Phillip Schramm, an improviser and theater maker in Minneapolis, particularly recommends seeing “Clown Funeral” at Theatre in the Round in Minneapolis, Saturday at 1 p.m. The show is billed as appropriate for ages 12–15 and up.
“The funeral is about Bongo, a clown that has passed away, and there are four other clowns that are there to kind of honor his memory, and it goes the way you would think,” Schramm says.
“It's a clown show. So there are bits of physical comedy, of just them assembling the coffin. There's word play. There's one clown that really only speaks through art. Everything you would want in a clowning show is in ‘Clown Funeral.’”
One delightful touch, Schramm says, is red clown noses at the entry that audience members can take and wear. Because the theater is in the round, you can see the audience members wearing red clown noses throughout the show.
Painting the urgency of climate change
Suzie Marty, gallery curator of Everett & Charlie in Minneapolis, recommends “2°C,” a joint exhibit by painters Drevis Hager of Minneapolis and Mark Granlund of Red Wing that focuses on climate change. The exhibit runs through Saturday, Aug. 9 at the Hamilton Gallery in Minneapolis.
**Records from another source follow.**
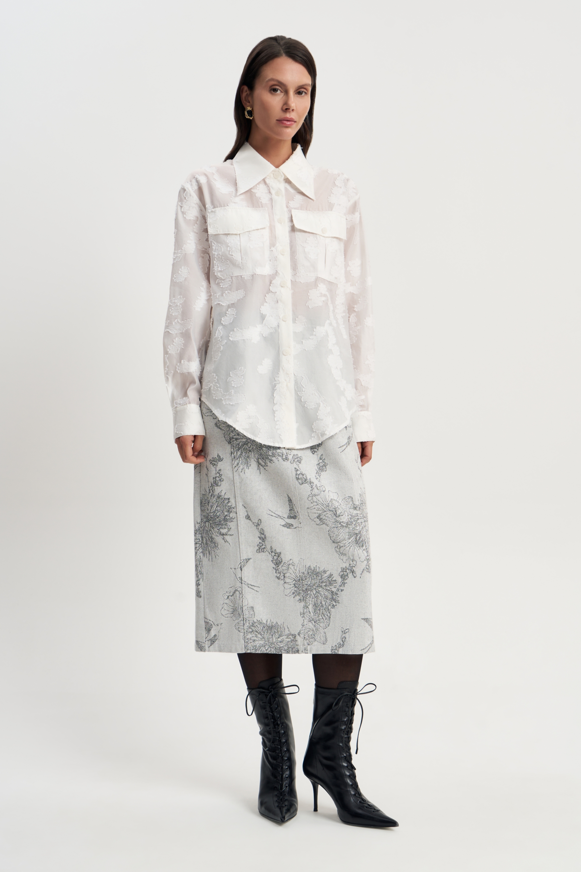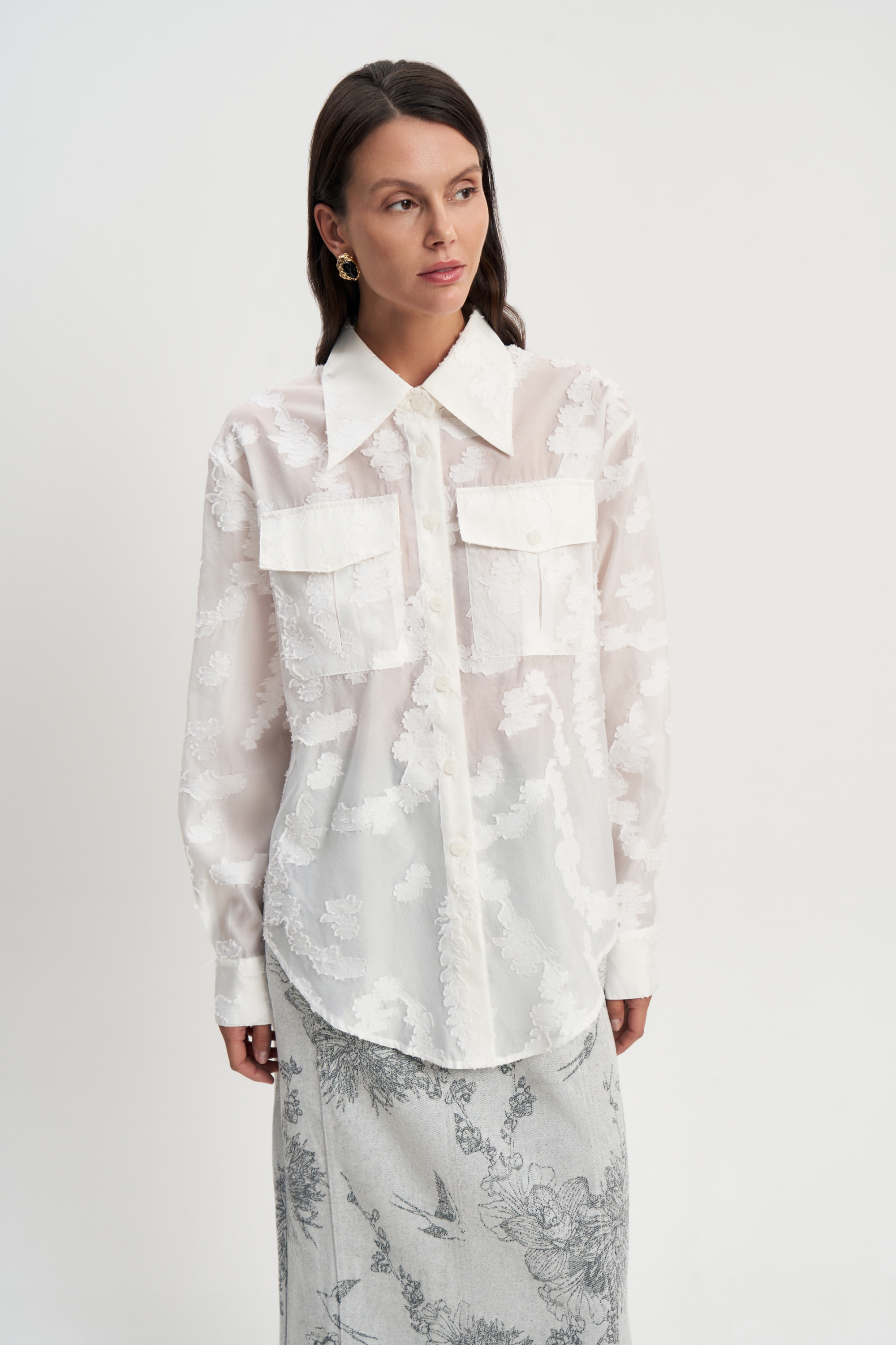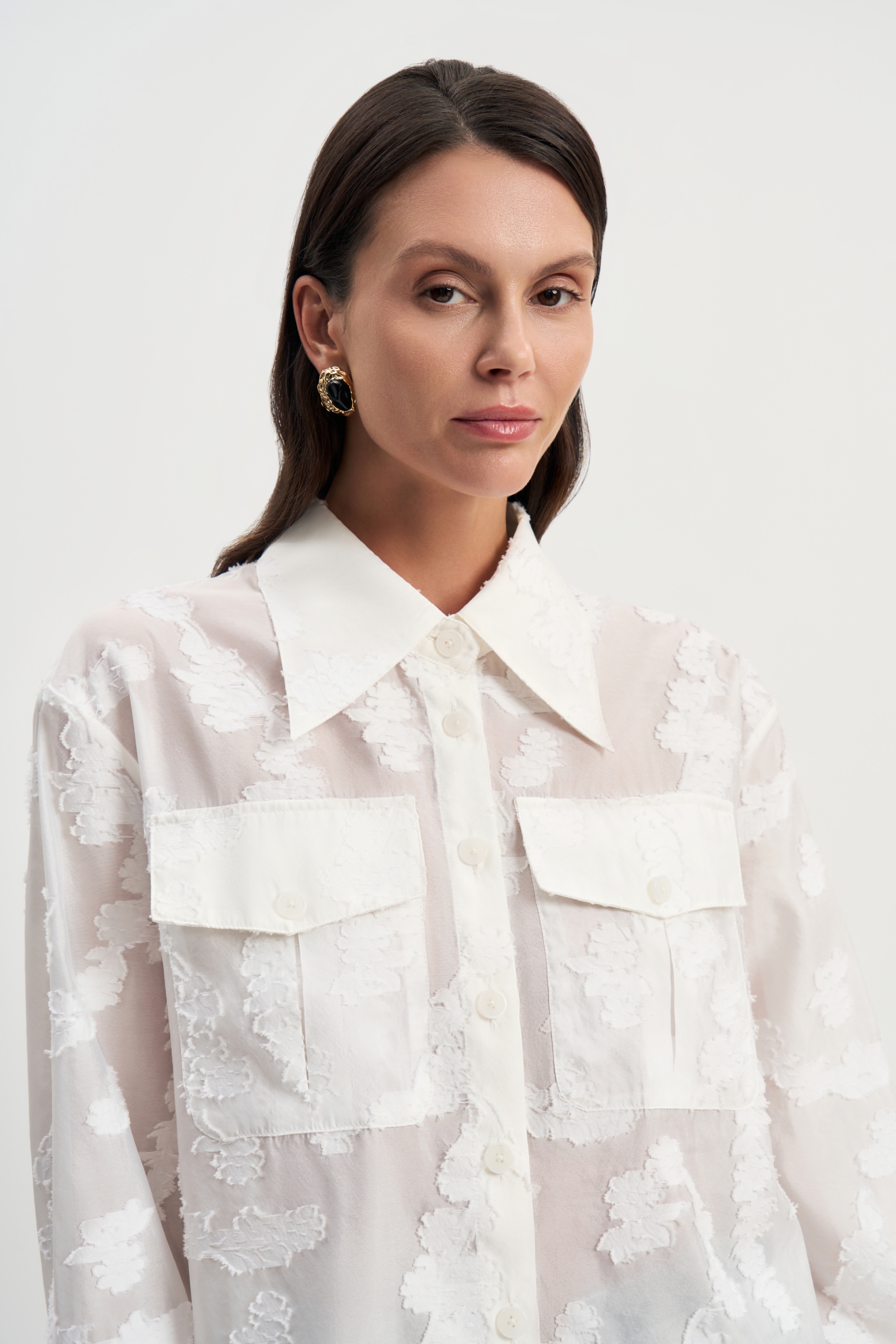 Нежная романтичная блузка с бархатистыми цветами на полупрозрачном фоне. Блузка свободного кроя, очень комфортная, прекрасно сочетается и с классическими вещами и с джинсовым шиком. Прекрасный вариант и для офиса и для клубной вечеринки.
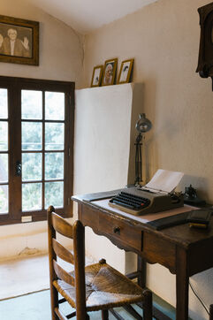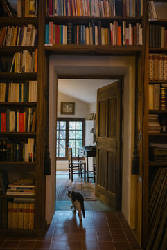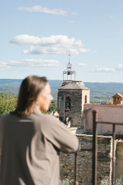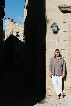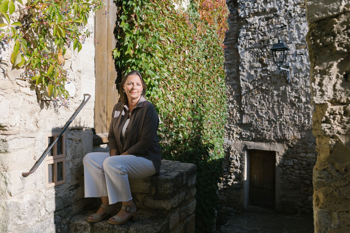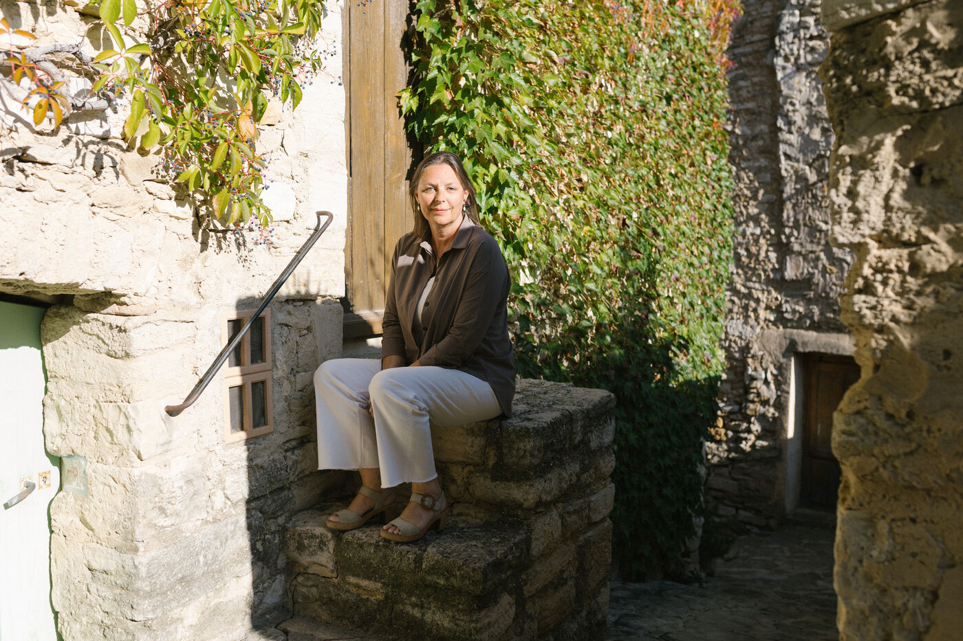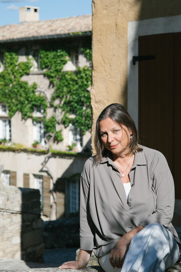 FRANCE - Le Barroux, Thursday, September 11, 2025, meeting with Dutch-speaking Belgian writer Sigrid Bousset in the Provençal village of Le Barroux in Vaucluse to promote her biographical book about the writer Ivo Michiels, who lived in this village for forty years. Born in 1969, Sigrid Bousset is a Belgian writer, playwright, and literary curator. She co-founded and directed Passa Porta, the international house of literature in Brussels, until 2014. Photograph by Marie Julliard / Hans Lucas.
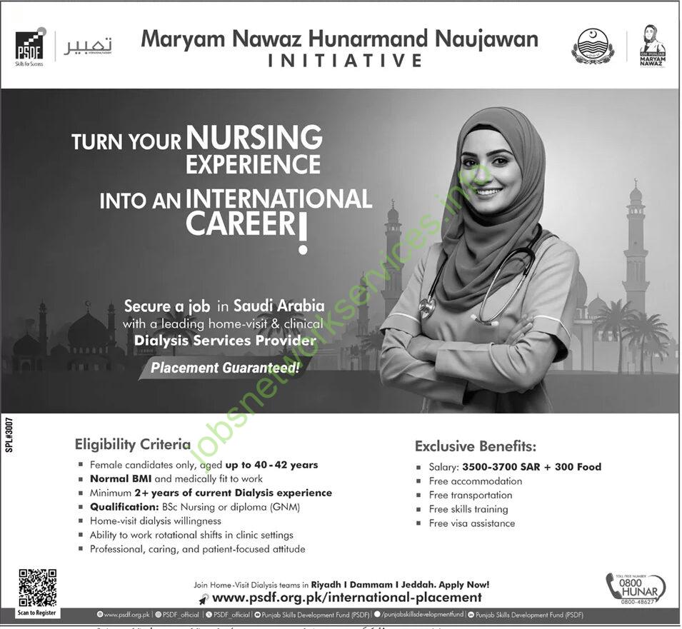 Maryam Nawaz Hunarmand Naujawan Nursing International Career Jobs at Saudi Arabia
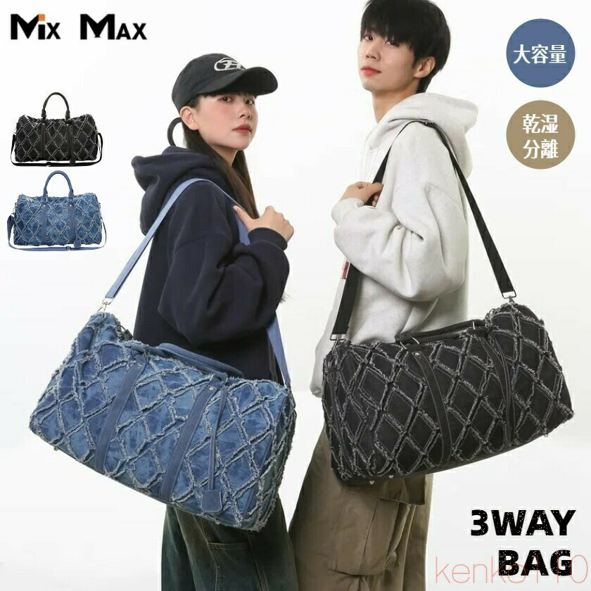 国内旅行 海外旅行 どちらでも使える ボストンバッグ 二泊三日【送料無料】旅行バッグ 大容量 トラブルかばん 3way 個性的 デニム タッセル 手提げ 肩かけ 一泊二日 底鋲付き ボストンバッグ マザーズバッグ 小物整理 機内持ち運び 撥水
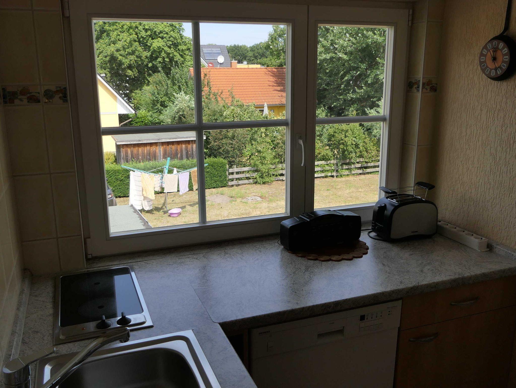 Die renovierte Ferienwohnung befindet sich im Obergeschoss des Hauses. Die Ferienwohnung besteht aus zwei Zimmern (einem Wohn-und einem Schlafzimmer), einer offenen Küchenecke mit Kühlschrank, Kochgelegenheit, Geschirr und Kochgeschirr. Zwischen den beiden Zimmern befindet sich die Sitz- und Essecke. Das Bad mit Dusche ist modern ausgestattet.
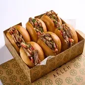 6 meat shawarma bun sandwiches (meat shawarma, tahini, tomato, parsley, onion and mint)
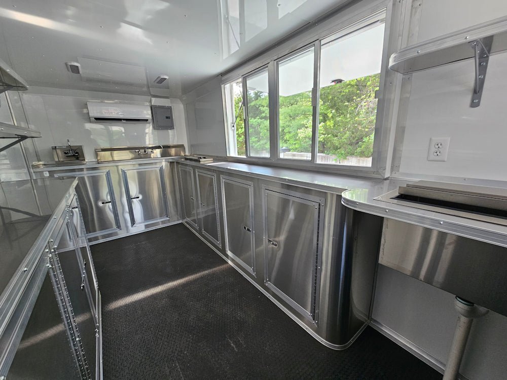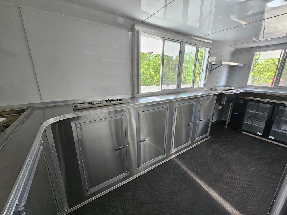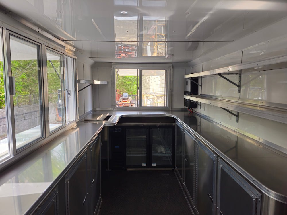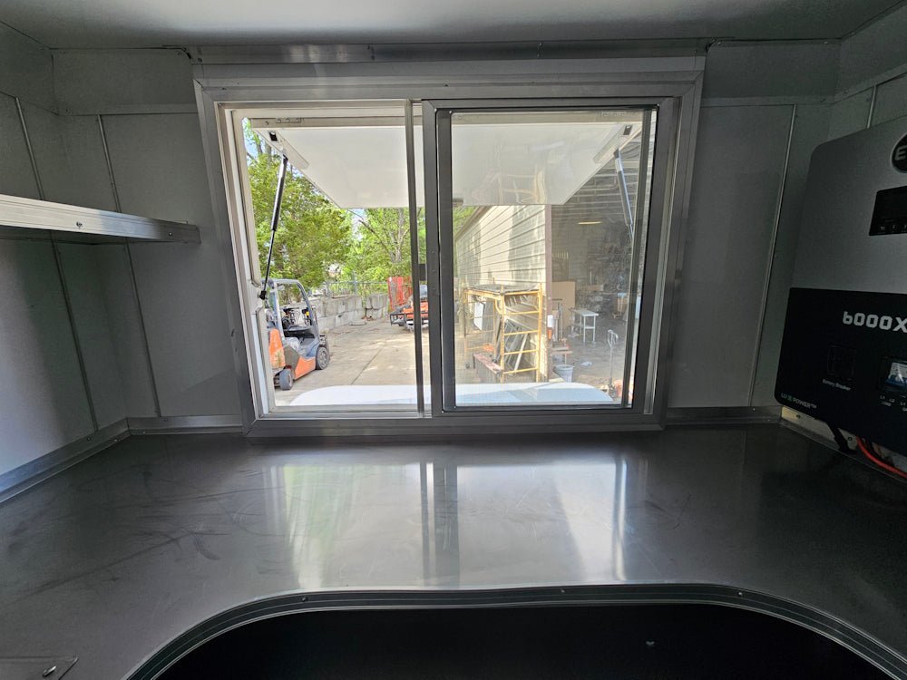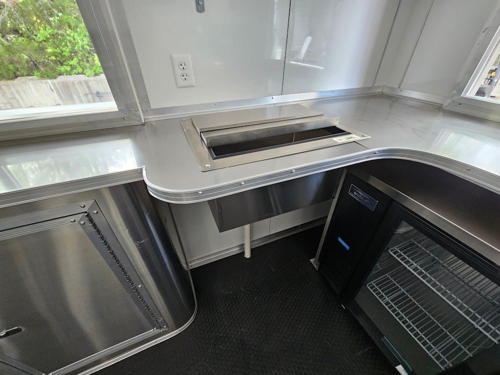 Dual Concession Windows with Counters – 4′ and 6′ sliding windows with screens allow flexible service and ventilation, paired with flip-up exterior counters for clean, efficient beverage service.
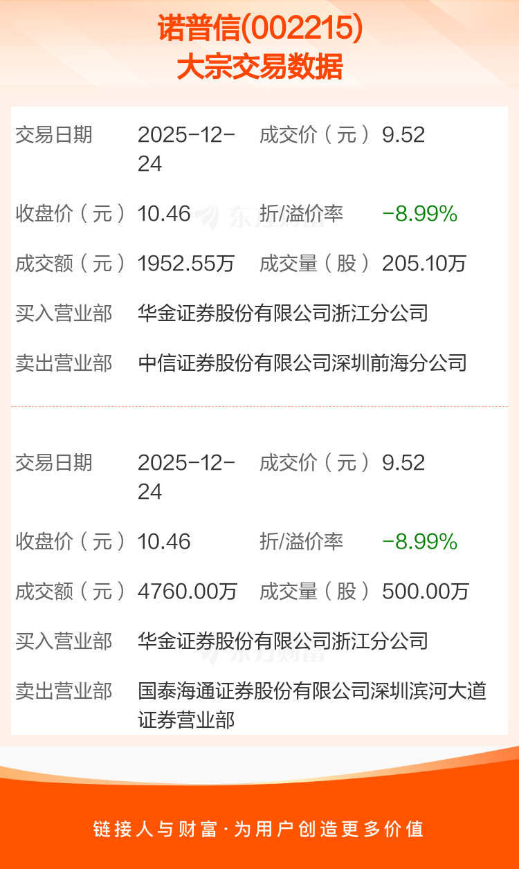 大宗交易:诺普信成交6712.55万元,折价8.99%(12-24)
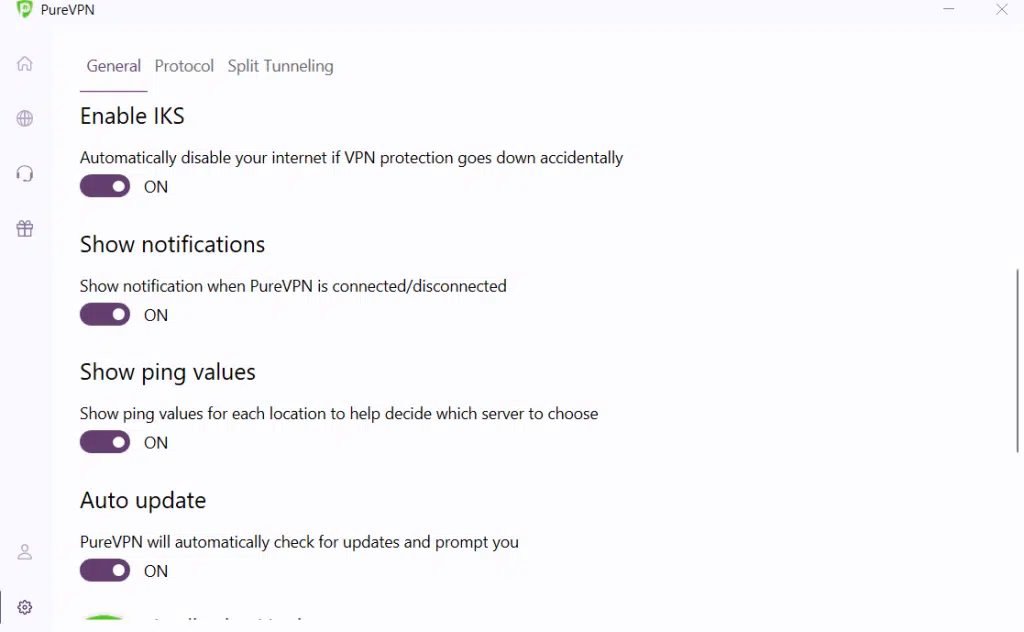 En segundo lugar, PureVPN admite varios protocolos de seguridad, incluyendo PPTP, L2TP, SSTP, IKEv2, WireGuard, OpenVPN e IPSec. WireGuard y OpenVPN ofrecen los mejores niveles de seguridad, con IKEv2 y L2TP también clasificando altamente debido al cifrado de datos doble. El protocolo PPTP es un poco menos seguro con sólo cifrado de 128 bits.
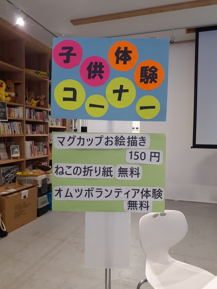 大学生はチラシ配布などをお手伝いいただき、小学生ボランティアは折り紙やぬり絵のブースにて活躍いただきました。
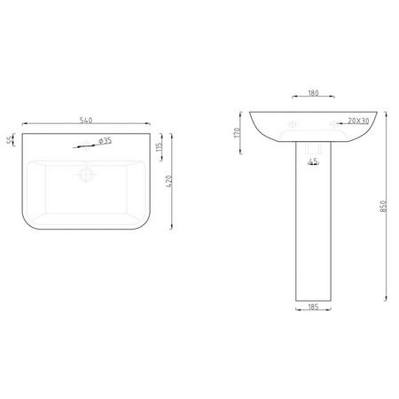 Opulent One Tap Hole Basin and Full Pedestal (OBC108877)
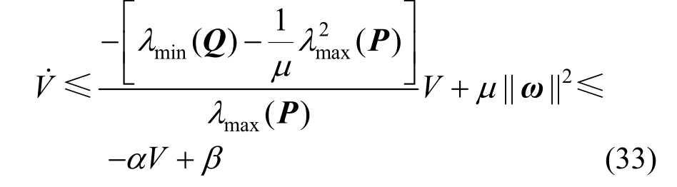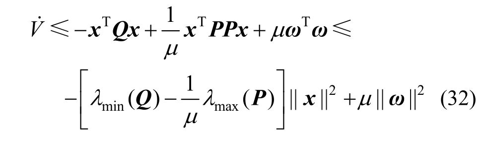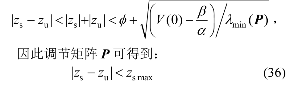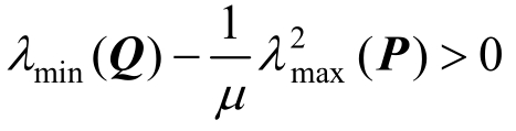 因此,通过选取适当的参数μ和矩阵P,可以使得下式成立:
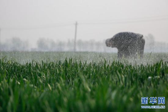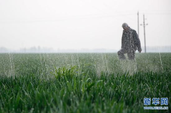 近期,隨著氣溫不斷回升,冬小麥逐漸進入拔節(jié)階段,河南省寶豐縣農民抓住有利時機,加強田間管理,及時灌溉施肥,確保小麥豐收。新華網(wǎng)發(fā)(何五昌 攝)
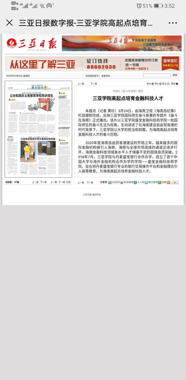 2020年是海南自由贸易港建设的开局之年,越来越多的国际金融机构被引入海南,海南与全球市场连接的通道正逐步打开,海南金融科技领域高水平人才储备不足的困境亟须突破。前瞻于此,2018年7月2024澳门彩开奖结果查询与丹麦盛宝银行合作办学,成立了首个中国大学与海外金融机构合作办学的学院――盛宝金融科技商学院,旨在将丹麦盛宝银行专业的银行交易操作平台和金融理念引入高等教育,为海南高起点培养金融科技人才。

Marty called the paintings moving and beautiful, even as they drive home the seriousness of climate change. She pointed toward Granlund’s paintings with unusual materials, including tar, and his surprising pairings, such as a series of portraits of CEOs of oil companies overlaid on landscape paintings.
Hager paints representational landscapes as well as abstracts that invoke wildfires and melting ice caps, as in the darkly humored title “Oh Oh, There Goes Greenland.”

Mozart under the summer sky
Choral singer Beth Gusenius of Minneapolis caught a preview performance of Mixed Precipitation’s summer outdoor opera, this year an adaptation of Mozart’s “1781 Idomeneo, re di Creta (King of Crete).”
This abridged version, first staged by the company in 2012, is called “The Return of King Idomeneo.” It blends Mozart’s arias with other musical styles, including doo-wop.
Next week, performances will be in Ely (Wed., Aug. 13), Hovland (Aug. 15), Grand Marais (Aug. 16), and Finland (Aug. 17). The run continues through Sept. 14 at outdoor locations across the state. It is free and open to all ages, with a suggested donation.
“It's a really fun performance. I think it's one of those that's going to convert people who wouldn't necessarily otherwise go to the opera. They do such an amazing job bringing the story to life,” Gusenius says.